##### Information #####

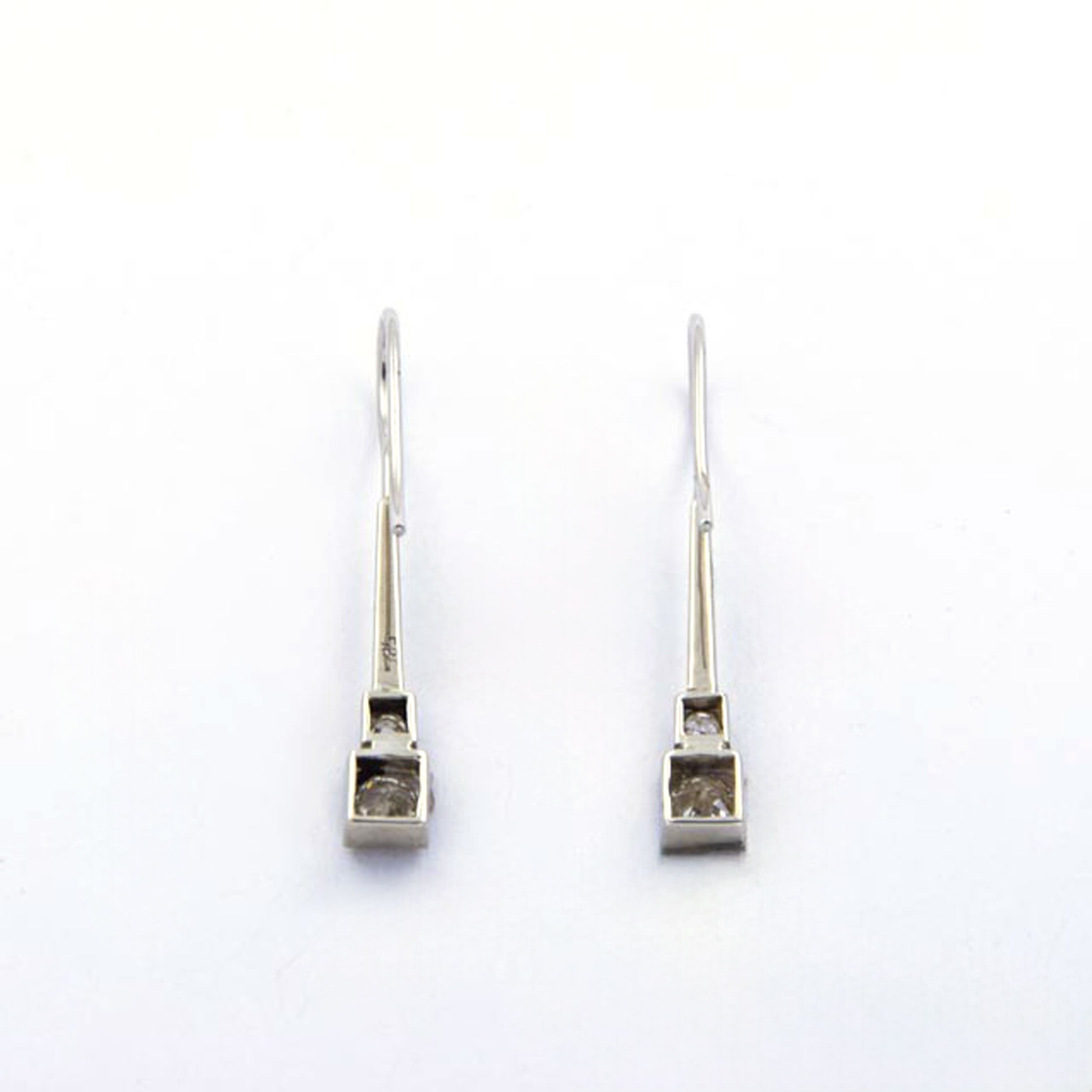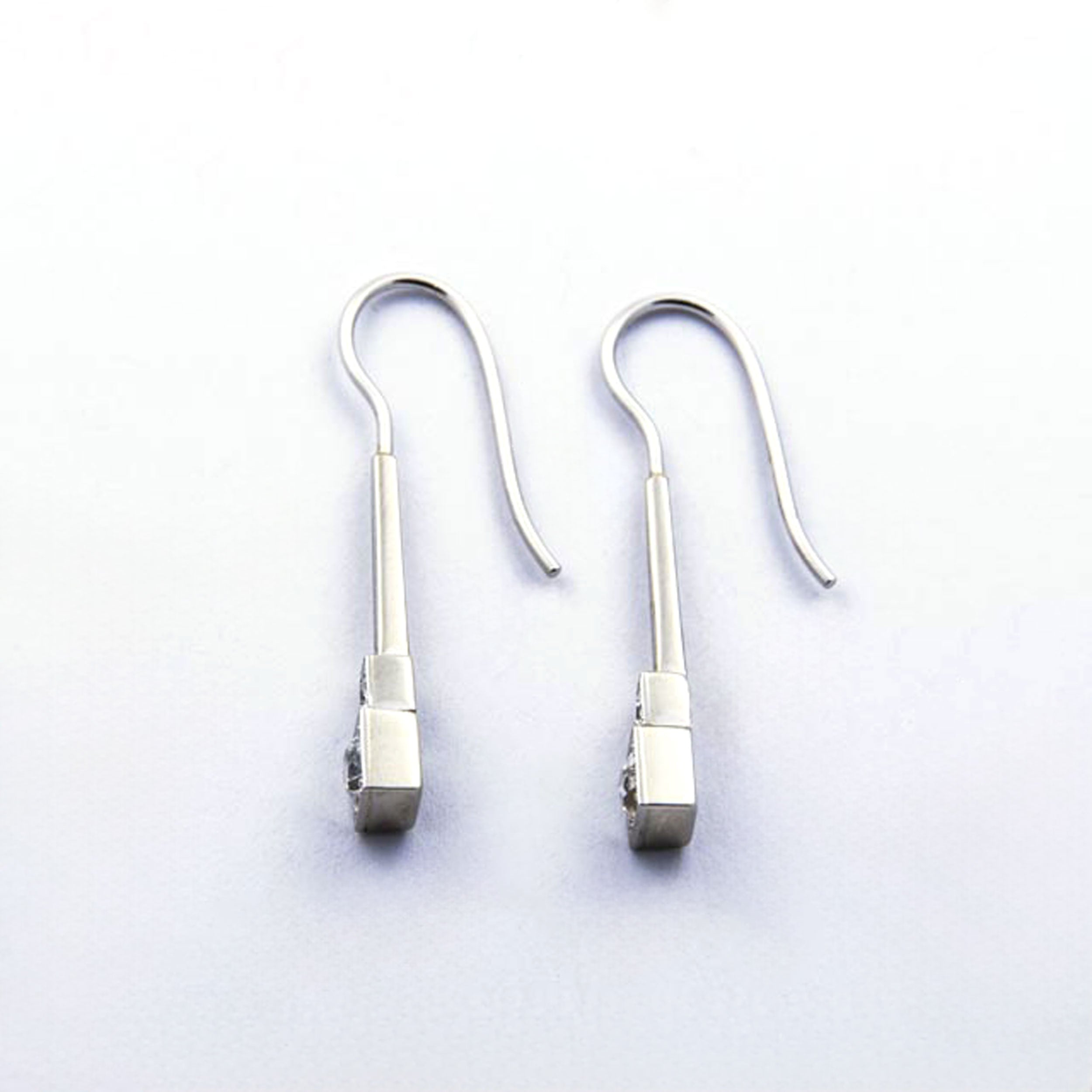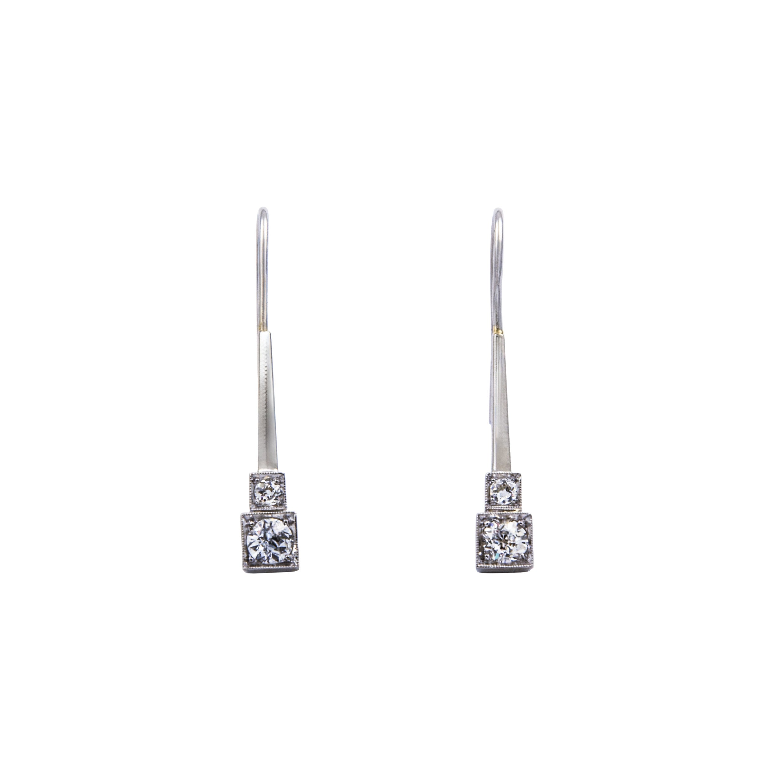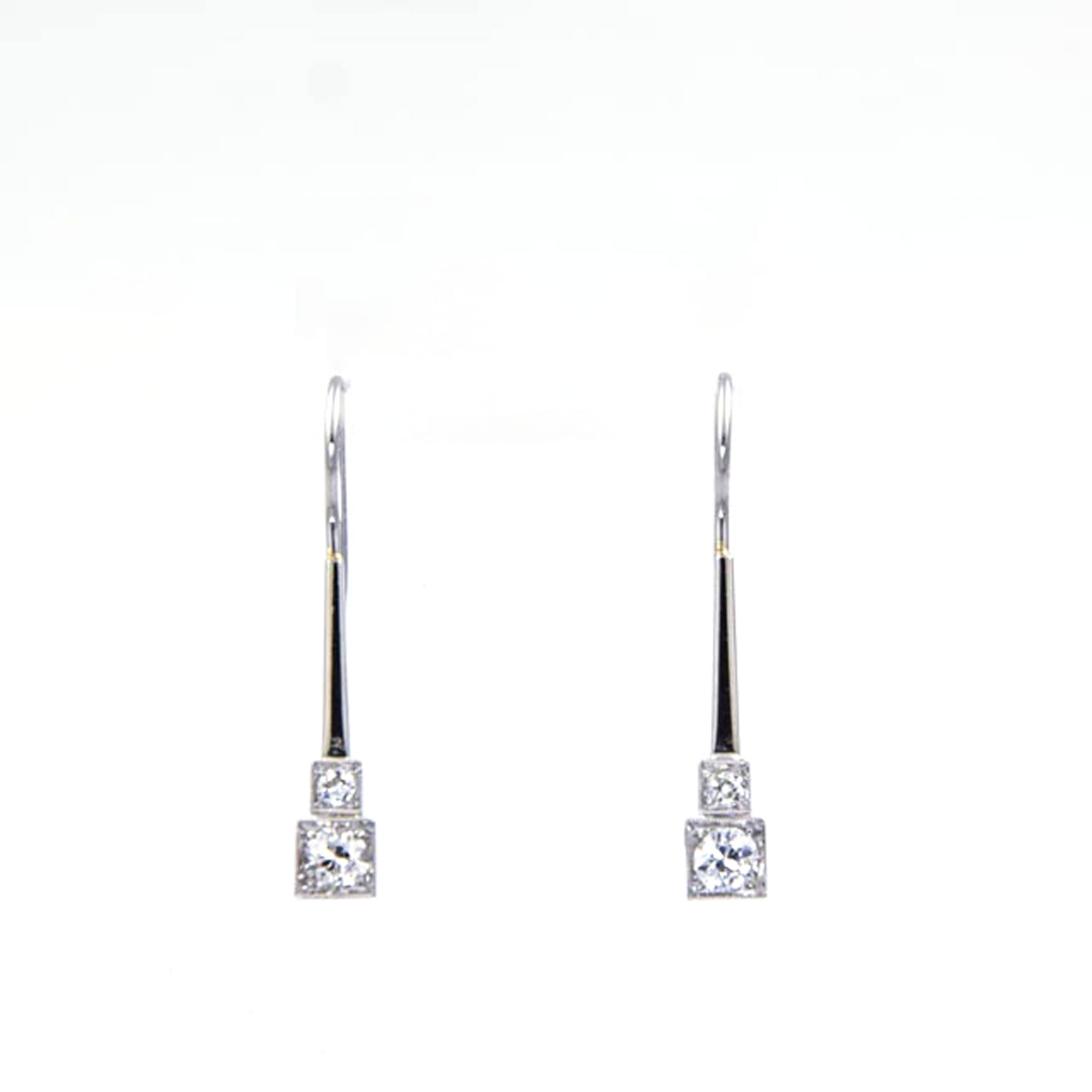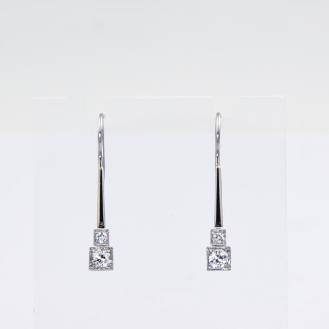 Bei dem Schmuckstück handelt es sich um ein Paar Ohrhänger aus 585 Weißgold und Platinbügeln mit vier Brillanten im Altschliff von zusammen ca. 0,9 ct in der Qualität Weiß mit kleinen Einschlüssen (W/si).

#####
##### Information #####

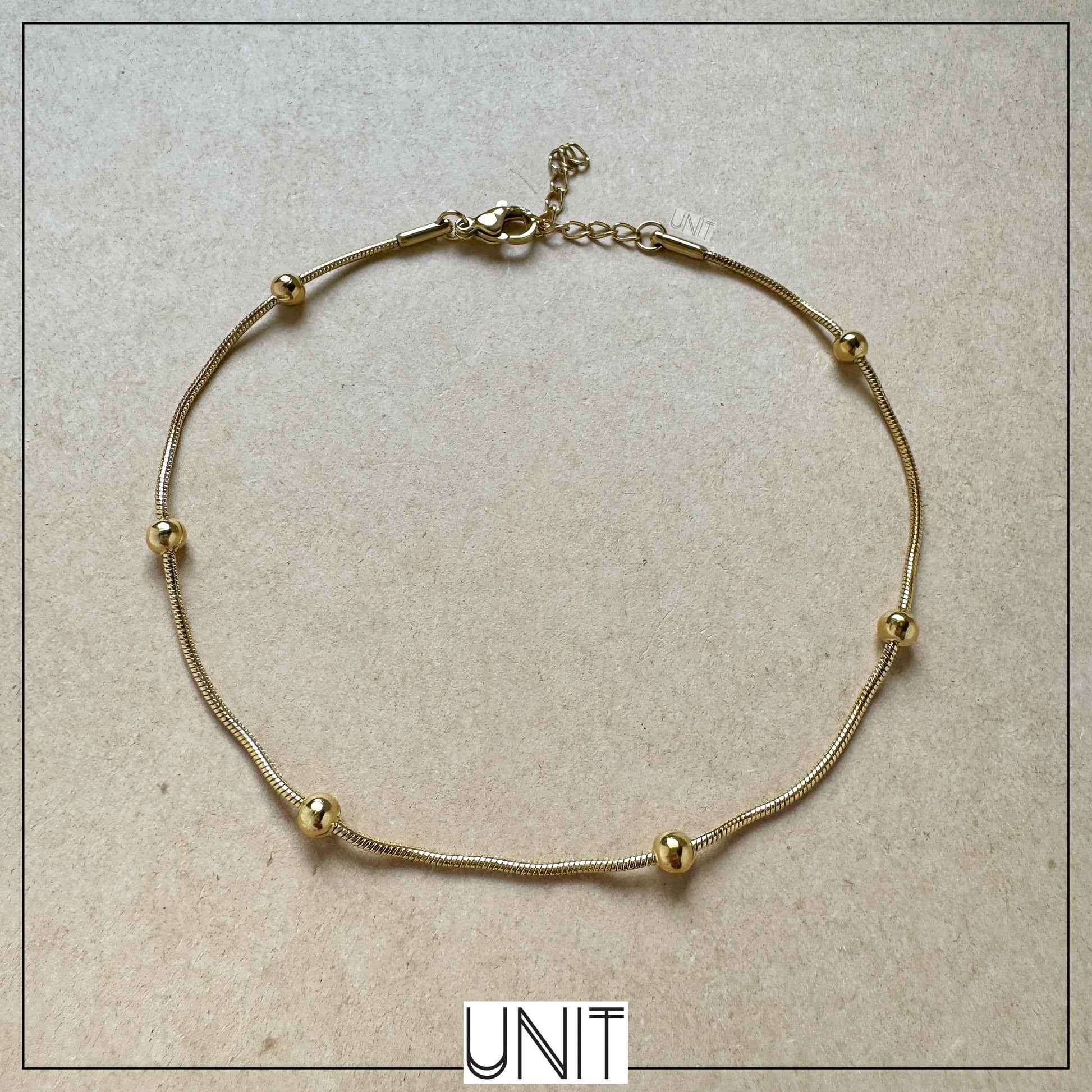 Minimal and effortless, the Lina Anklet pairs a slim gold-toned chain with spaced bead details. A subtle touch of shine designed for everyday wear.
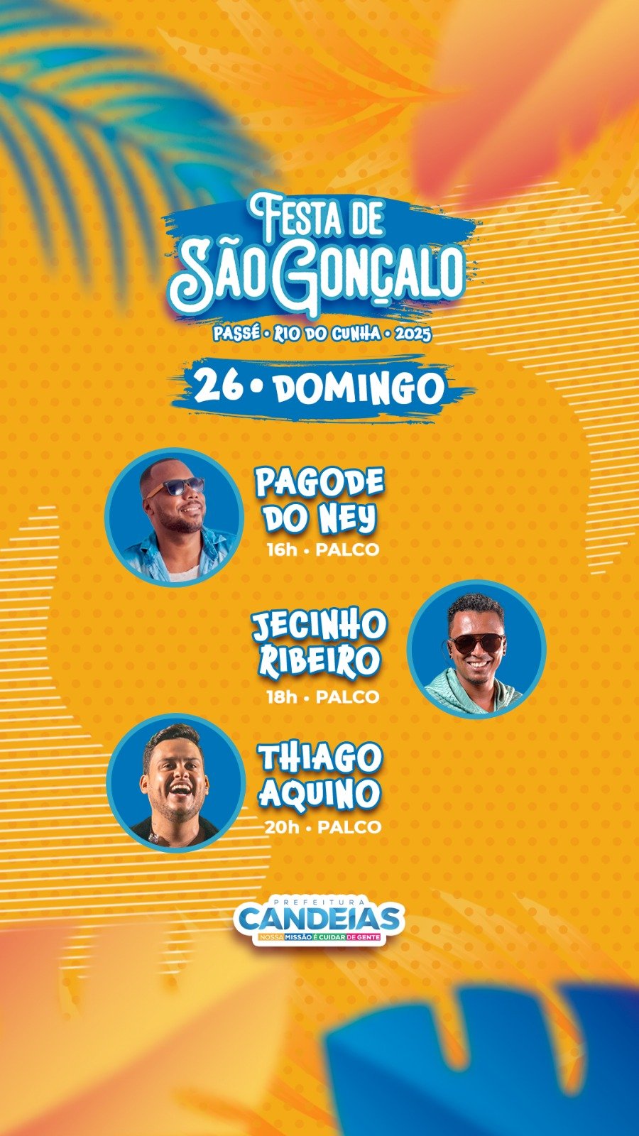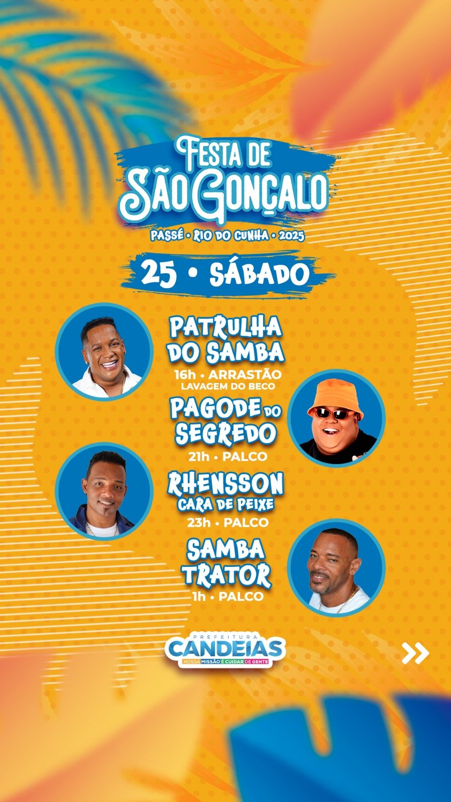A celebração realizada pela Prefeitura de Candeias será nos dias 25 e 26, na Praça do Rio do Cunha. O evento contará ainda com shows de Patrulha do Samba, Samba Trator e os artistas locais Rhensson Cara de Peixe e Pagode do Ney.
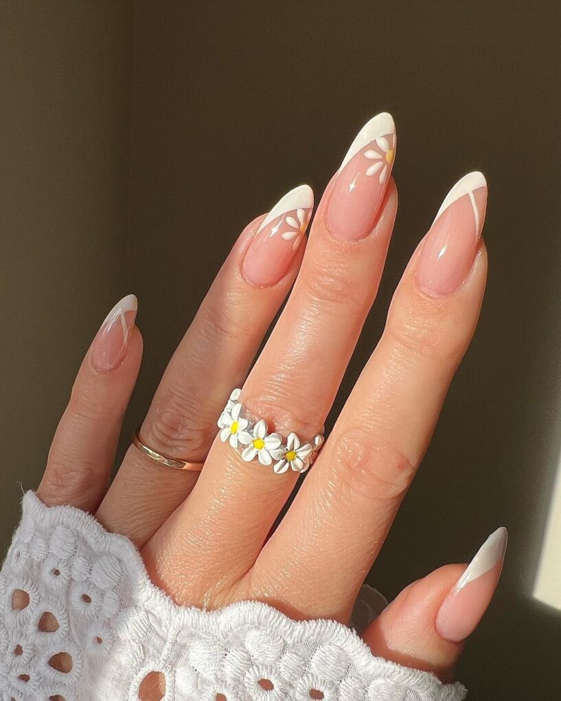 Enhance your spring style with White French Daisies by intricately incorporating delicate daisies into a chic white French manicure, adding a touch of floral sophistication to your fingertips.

#####

● What the task requires
Reproduce the data above exactly, but only the lines from the one showing "Minimal and effortless, the" through the one showing "Enhance your spring", with both ends kept and the pictures left out.

● Written reply
 Minimal and effortless, the Lina Anklet pairs a slim gold-toned chain with spaced bead details. A subtle touch of shine designed for everyday wear.
A celebração realizada pela Prefeitura de Candeias será nos dias 25 e 26, na Praça do Rio do Cunha. O evento contará ainda com shows de Patrulha do Samba, Samba Trator e os artistas locais Rhensson Cara de Peixe e Pagode do Ney.
 Enhance your spring style with White French Daisies by intricately incorporating delicate daisies into a chic white French manicure, adding a touch of floral sophistication to your fingertips.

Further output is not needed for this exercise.